- Other names: Dyskeratosis congenita with bilateral exudative retinopathy
- Revesz syndrome is inherited in an autosomal dominant manner
- Causes: Genetic

= Revesz syndrome =

Revesz syndrome is a fatal disease that causes exudative retinopathy and bone marrow failure. Other symptoms include severe aplastic anemia, intrauterine growth retardation, fine sparse hair, fine reticulate skin pigmentation, ataxia due to cerebellar hypoplasia, and cerebral calcifications. Its effects are similar to that of Hoyeraal-Hreidarsson syndrome. It is a variant of dyskeratosis congenita.

==Cause==
Revesz syndrome is a genetic disease thought to be caused by short telomeres. Patients with Revesz syndrome have presented with heterozygous mutations in TINF2 gene which is located on chromosome 14q12. There is no treatment for this disease yet.

==Epidemiology==
Revesz syndrome has so far been observed only in children.

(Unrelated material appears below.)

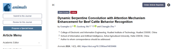 近日,开云官网开云kaiyun体育青年教师李广博在《animals》期刊(SCI,JCR一区,IF: 3.0)在线发表了题为《Dynamic Serpentine Convolution with Attention Mechanism Enhancement for Beef Cattle Behavior Recognition》的研究论文。

There is not much information about the disease because of its low frequency in general population and under reporting of cases.

==History==
The syndrome is named after the author of the original case published in 1992. The patient was a 6-month-old male from Sudan. At 7 months, the patient developed aplastic anemia, and subsequently died at 19 months. A second case was reported in 1994 in a young girl in Hungary. She had many of the same symptoms as the child in Sudan. A third case, reported in Calicut, India, was that of a 5-year-old girl who also had additional features of retinal detachment and retinitis pigmentosa, which are unreported in this syndrome.